| Data to use |
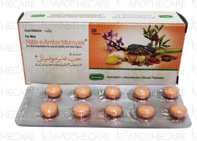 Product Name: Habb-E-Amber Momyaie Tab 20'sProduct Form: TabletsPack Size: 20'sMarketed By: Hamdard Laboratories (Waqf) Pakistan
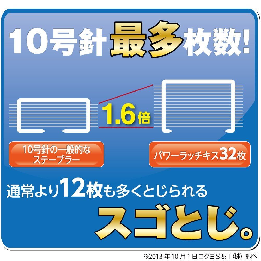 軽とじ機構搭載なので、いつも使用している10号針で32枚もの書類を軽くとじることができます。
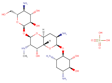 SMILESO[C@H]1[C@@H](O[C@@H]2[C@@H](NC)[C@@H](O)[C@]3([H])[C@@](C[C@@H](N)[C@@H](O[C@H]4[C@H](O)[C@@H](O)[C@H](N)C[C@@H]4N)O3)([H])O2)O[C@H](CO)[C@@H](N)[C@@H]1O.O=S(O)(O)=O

==

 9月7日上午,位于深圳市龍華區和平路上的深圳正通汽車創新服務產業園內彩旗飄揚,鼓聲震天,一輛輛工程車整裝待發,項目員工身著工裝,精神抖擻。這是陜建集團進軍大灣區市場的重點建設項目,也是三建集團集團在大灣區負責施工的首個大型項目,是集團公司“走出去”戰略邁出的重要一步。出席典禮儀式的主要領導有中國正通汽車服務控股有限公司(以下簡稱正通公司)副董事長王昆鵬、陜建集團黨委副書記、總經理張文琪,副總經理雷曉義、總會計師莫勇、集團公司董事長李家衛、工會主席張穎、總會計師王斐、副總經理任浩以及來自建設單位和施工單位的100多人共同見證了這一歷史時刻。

| Work task |
What lines above run from the one with "Product Name: Habb-E-Amber" to the one with "軽とじ機構搭載なので、いつも"? Give them again exactly, ends included, and leave the pictures out.

| Your solution |
 Product Name: Habb-E-Amber Momyaie Tab 20'sProduct Form: TabletsPack Size: 20'sMarketed By: Hamdard Laboratories (Waqf) Pakistan
 軽とじ機構搭載なので、いつも使用している10号針で32枚もの書類を軽くとじることができます。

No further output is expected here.